[Records from a data collection]

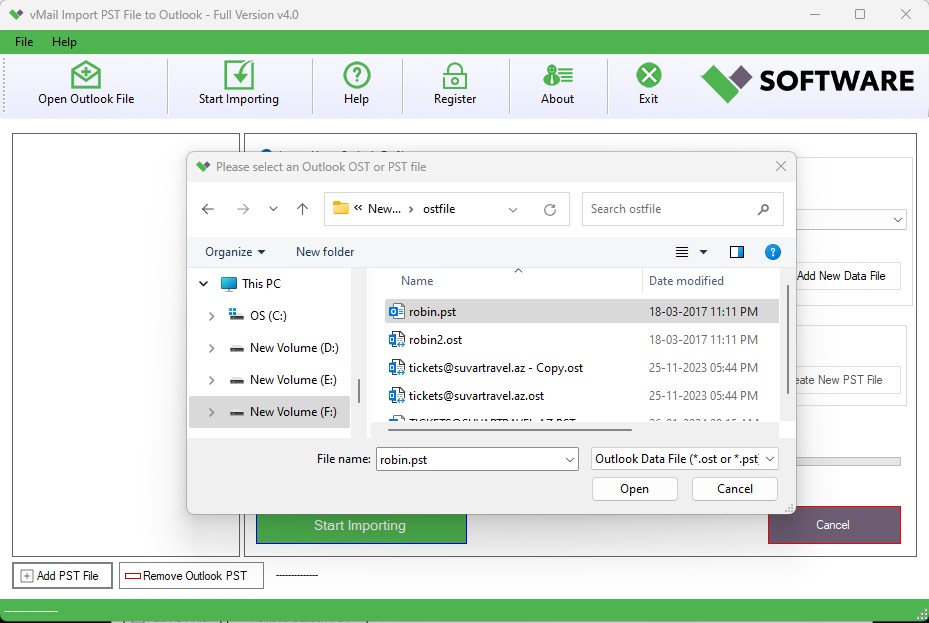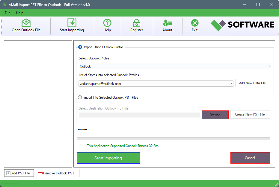 vMail Outlook PST File Importer from VSOFTWARE is an PST Importer Tool form Microsoft Outlook backup Personal Storage Files (PST) and Outlook OST. vMail Outlook PST File Importer Tool can quickly and safely scan inaccessible outlook PST file, corrupt or damaged PST files and Easy to Import Outlook PST File Folder Inbox, Outbox, Sent, Drafts email items, Contact Lists, Calendar entries, To-do-lists, Journals, Deleted Items, etc. This vMail Outlook PST File Importer Tool is a better alternative options for (Inbox Repair Tool) from Microsoft Office because this tool is capable of fix severe corruption issues from Outlook PST files. vMail Outlook PST File Importer Tool Import Outlook Data from password-protected PST files without losing any data.
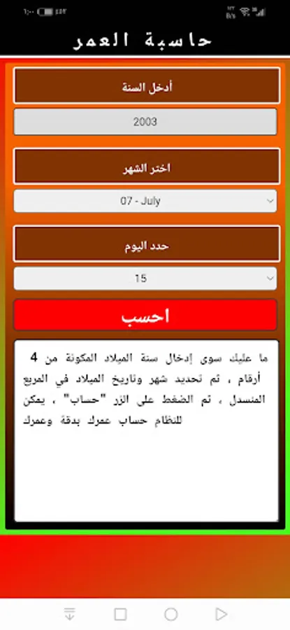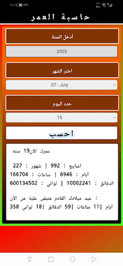 Calculate your age is an application through which you can calculate your age in years, months and days, calculate your age in Hijri and calculate your age in Gregorian.
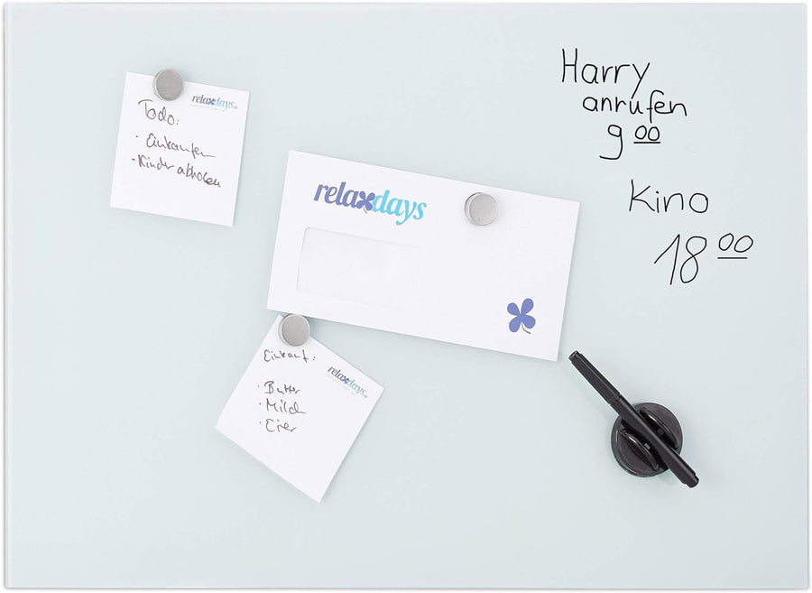 Relaxdays Magnettafel Glas, magnetisch, abwischbar, Büro & Zuhause, Magnete & Stift, Whiteboard HxB:
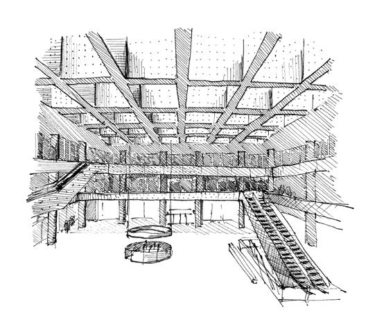 The headhouse becomes support system for the community, acting as a career and business incubator. The space extends into the main drill hall of the armory, assimilating more with the interior marketplace.
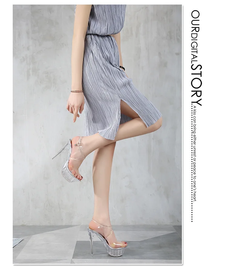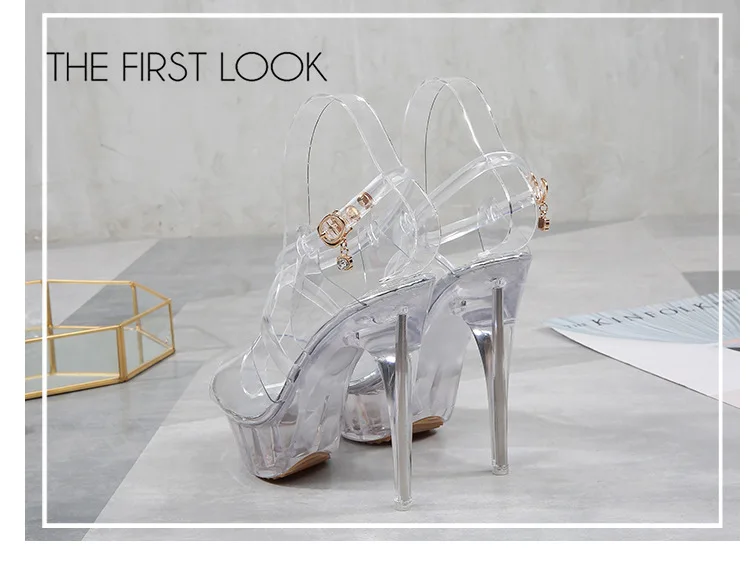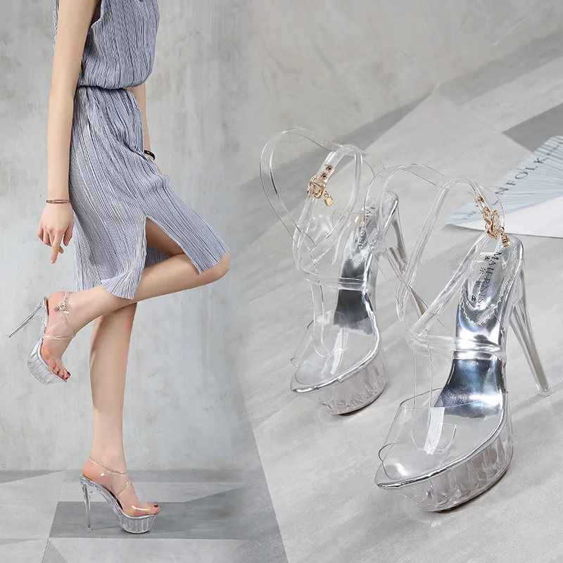 Женские босоножки со стразами; Sandalias Feminina; Прозрачные Высокие каблуки 14 см; Летняя женская свадебная обувь; Модные женские босоножки на платформе; Размер 43
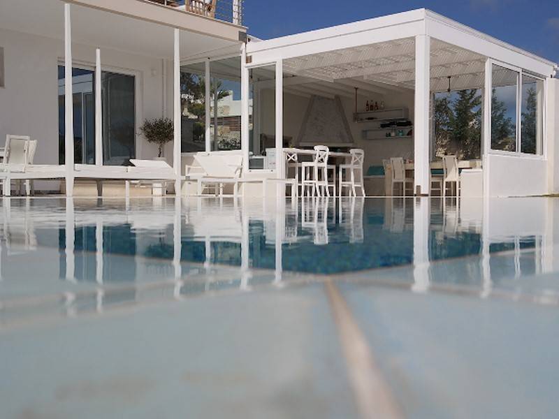 Die teilüberdachte Teakholz Terrasse bietet unterschiedliche gemütliche Bereiche und Lounge-Ecken an. Hier finden Sie außerdem einen Kamin und Grill. Sonnenliegen laden Sie zum gemütlichen relaxen am 35 µ² großen Salzwasser Swimming-pool-mit Gegenstromanlage ein oder lassen sich massieren im angrenzenden 16µ² großen Jaccuzzi / oder Kinderbecken .Vor und nach einem erfrischenden Bad können Sie die Aussendusche nutzen.

Instructions for the task –
Using the data above, retype exactly the lines from the line with "Calculate your age is" to the line with "Женские босоножки со", inclusive. No pictures and nothing else.

Solution –
 Calculate your age is an application through which you can calculate your age in years, months and days, calculate your age in Hijri and calculate your age in Gregorian.
 Relaxdays Magnettafel Glas, magnetisch, abwischbar, Büro & Zuhause, Magnete & Stift, Whiteboard HxB:
 The headhouse becomes support system for the community, acting as a career and business incubator. The space extends into the main drill hall of the armory, assimilating more with the interior marketplace.
 Женские босоножки со стразами; Sandalias Feminina; Прозрачные Высокие каблуки 14 см; Летняя женская свадебная обувь; Модные женские босоножки на платформе; Размер 43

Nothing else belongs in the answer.